Венский Интерпол информировал власти Лугано телеграммой от 28 августа 1948 года: «Существует опасность, что оба они направятся в Южную Америку. Просим об их аресте». Ордера на арест были выписаны 30 августа 1948 года, однако безрезультатно.

В заключительном слове государственный прокурор Австрии доктор Майер-Мали, который должен был расследовать это кровавое преступление, сказал: «Подлинные убийцы еще не найдены».

В конце августа я поехал в Рехниц во второй раз; виноградные грозди уже созрели, деревья – в расцвете лета. Я посетил Аннемарию Фитцтум, ей было 89 лет, и, по-видимому, она была последней живой участницей празднества Маргит.

«Я принарядилась, – вспоминала она, – мы сидели за круглым столиком в небольшом зале на нижнем этаже, и графская чета вместе с нами. Графиня Маргит выглядела как принцесса, такое на ней было красивое платье».

То и дело входили и выходили мужчины в форме, но она не могла вспомнить, как их звали. «Было ужасно шумно, – так она заявила и в 1947 году прокурору во время допроса. – Все пили вино, танцевали, я ничего не знала, я простая девушка, всего лишь телефонистка». Около полуночи солдат проводил ее домой, до этого графиня замок не покидала. О евреях, сказала фрау Фитцтум, пока мы ели приготовленный ею штройзелькухен[8], она узнала только впоследствии. Это ужасно.

Потом я посетил Клауса Гмайнера, лесника тети Маргит. Он последним видел ее живой. Маргит владела тысячью гектаров земли в Рехнице и каждый год приезжала туда охотиться. «Она отлично стреляла, у нее был опыт охоты в Африке. Она ужасно радовалась, когда убивала барана-муфлона или косулю, никогда не видел ее более счастливой». У нас с ней ни разу не заходил разговор о годах нацизма, сказал Гмайнер, который, как и многие здесь, восхищался Маргит. К этому преступлению она безусловно не имела никакого отношения.

«Мы были на охоте, – рассказывал он о вечере накануне ее смерти, – и метким выстрелом она подстрелила муфлона». Двадцать, может, тридцать шагов муфлон сделал, шатаясь, по направлению к ней, пока не рухнул, он это точно помнит. Еще он помнит, как она в тот вечер жаловалась, что так много людей просят у нее денег. «Это были ее последние слова». На следующее утро она не появилась к завтраку.
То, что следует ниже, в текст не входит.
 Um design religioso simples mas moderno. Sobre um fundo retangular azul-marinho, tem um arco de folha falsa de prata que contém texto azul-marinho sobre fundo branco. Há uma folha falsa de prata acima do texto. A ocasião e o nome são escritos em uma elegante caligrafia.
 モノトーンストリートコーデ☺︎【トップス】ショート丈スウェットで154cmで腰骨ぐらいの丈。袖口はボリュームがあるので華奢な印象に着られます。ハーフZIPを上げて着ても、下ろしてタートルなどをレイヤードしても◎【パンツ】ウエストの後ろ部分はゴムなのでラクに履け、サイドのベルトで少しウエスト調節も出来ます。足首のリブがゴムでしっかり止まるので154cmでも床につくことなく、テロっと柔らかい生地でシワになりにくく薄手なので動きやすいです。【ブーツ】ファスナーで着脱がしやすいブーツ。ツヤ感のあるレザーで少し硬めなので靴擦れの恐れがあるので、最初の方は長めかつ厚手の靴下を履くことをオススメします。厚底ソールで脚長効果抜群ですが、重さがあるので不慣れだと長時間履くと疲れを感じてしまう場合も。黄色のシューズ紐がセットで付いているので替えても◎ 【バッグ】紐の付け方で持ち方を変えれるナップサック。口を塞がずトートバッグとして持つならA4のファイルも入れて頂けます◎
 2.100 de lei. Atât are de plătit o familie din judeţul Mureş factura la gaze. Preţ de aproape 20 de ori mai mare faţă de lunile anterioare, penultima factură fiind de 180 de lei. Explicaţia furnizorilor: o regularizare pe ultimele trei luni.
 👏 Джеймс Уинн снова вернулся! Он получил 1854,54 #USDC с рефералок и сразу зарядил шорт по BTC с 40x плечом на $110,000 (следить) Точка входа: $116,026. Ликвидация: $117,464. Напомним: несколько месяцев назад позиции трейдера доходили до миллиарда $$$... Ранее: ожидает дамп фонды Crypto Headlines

«Ну и что там, в Рехнице? Что-нибудь разузнал?» – спросил меня по телефону отец. Его голос звучал устало; за несколько недель до этого перед дверью его загородного домика на озере Балатон появилась приблудившаяся дворняжка, которая не захотела никуда уходить.

«А как поживает твой песик?»

«С ним нелегко».

«Но ты ведь любишь его, правда?»

«Расскажи лучше о Рехнице».



«Люди в деревне называли меня господин граф, некоторые женщины даже делали книксен».
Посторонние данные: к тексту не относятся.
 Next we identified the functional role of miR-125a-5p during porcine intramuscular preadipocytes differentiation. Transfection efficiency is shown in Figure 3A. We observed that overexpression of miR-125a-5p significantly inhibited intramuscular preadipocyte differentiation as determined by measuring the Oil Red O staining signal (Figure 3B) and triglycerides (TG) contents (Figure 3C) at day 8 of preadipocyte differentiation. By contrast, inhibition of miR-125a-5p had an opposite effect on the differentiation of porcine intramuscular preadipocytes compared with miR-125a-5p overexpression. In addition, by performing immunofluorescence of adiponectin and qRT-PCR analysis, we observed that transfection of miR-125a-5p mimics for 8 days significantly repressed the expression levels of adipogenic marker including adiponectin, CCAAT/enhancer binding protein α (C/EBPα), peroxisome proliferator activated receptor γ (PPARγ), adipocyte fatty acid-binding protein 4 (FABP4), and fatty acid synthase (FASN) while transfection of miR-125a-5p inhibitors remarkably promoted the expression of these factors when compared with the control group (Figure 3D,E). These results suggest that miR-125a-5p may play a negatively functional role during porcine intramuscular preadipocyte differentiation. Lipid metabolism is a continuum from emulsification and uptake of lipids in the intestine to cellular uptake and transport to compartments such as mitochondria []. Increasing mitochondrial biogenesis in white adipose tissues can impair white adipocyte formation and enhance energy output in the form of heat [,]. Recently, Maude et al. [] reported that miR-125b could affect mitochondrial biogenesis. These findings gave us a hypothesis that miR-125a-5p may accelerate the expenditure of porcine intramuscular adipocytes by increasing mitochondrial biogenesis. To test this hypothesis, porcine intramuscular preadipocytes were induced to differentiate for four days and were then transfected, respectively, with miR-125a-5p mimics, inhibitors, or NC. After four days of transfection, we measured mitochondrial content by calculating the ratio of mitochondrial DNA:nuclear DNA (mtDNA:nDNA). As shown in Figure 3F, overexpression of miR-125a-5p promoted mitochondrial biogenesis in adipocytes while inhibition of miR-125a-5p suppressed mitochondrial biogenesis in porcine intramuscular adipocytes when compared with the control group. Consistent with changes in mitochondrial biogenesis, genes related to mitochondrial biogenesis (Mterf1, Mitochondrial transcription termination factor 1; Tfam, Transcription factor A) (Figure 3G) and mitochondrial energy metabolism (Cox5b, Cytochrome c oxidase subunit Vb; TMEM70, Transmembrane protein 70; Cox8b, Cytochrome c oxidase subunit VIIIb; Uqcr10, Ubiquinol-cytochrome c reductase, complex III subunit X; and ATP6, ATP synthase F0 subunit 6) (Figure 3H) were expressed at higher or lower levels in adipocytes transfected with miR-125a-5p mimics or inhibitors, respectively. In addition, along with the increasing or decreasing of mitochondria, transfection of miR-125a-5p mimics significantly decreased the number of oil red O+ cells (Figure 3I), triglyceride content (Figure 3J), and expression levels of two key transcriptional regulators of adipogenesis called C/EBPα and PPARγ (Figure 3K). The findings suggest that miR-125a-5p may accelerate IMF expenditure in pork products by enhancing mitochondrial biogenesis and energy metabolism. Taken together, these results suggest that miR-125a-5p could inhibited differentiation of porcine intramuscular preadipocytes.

«Отвратительно! Это кривляние…»

«Свидетели утверждают, что и муж Маргит, И́ван, тоже был на том празднестве».

«В нашем семействе всегда считалось, что он в тот вечер был в Венгрии».

«Каждый рассказывает эту историю по-своему. Семья утверждает, что ничего не знает и в поведении Маргит никогда не видела ничего предосудительного, газетам нужны заголовки о кровавой графине, а жители Рехница хотят все замести под ковер. Для них тетя Маргит святая».

«Ну и чего ты хочешь?»

3

Приступая к розыскам, я хотел выяснить, что же произошло в действительности. Я рылся в архивах, рассылал письма, читал материалы судебного процесса по делу о преступлении в Рехнице, заполучил досье Маргит, составленное швейцарской службой безопасности, и задавался вопросом, кто в нашем семействе мог хоть что-нибудь знать об этом преступлении и почему все молчали. Сколько раз я слышал, как мои дедушка с бабушкой рассуждали о давно умерших тетушках, о причудах того или иного их дяди, вспоминали о былом блеске Венгрии, когда у людей были хорошие манеры и они еще обладали хорошим вкусом. Но почему они никогда не проронили ни слова о Рехнице? Почему не вспоминали о том рве? Думается, я уловил бы тогда намек на то, где захоронили эти 180 трупов. Может быть, кто-нибудь все-таки заговорит с тобой, казалось мне, раз уж ты принадлежишь к этой семье?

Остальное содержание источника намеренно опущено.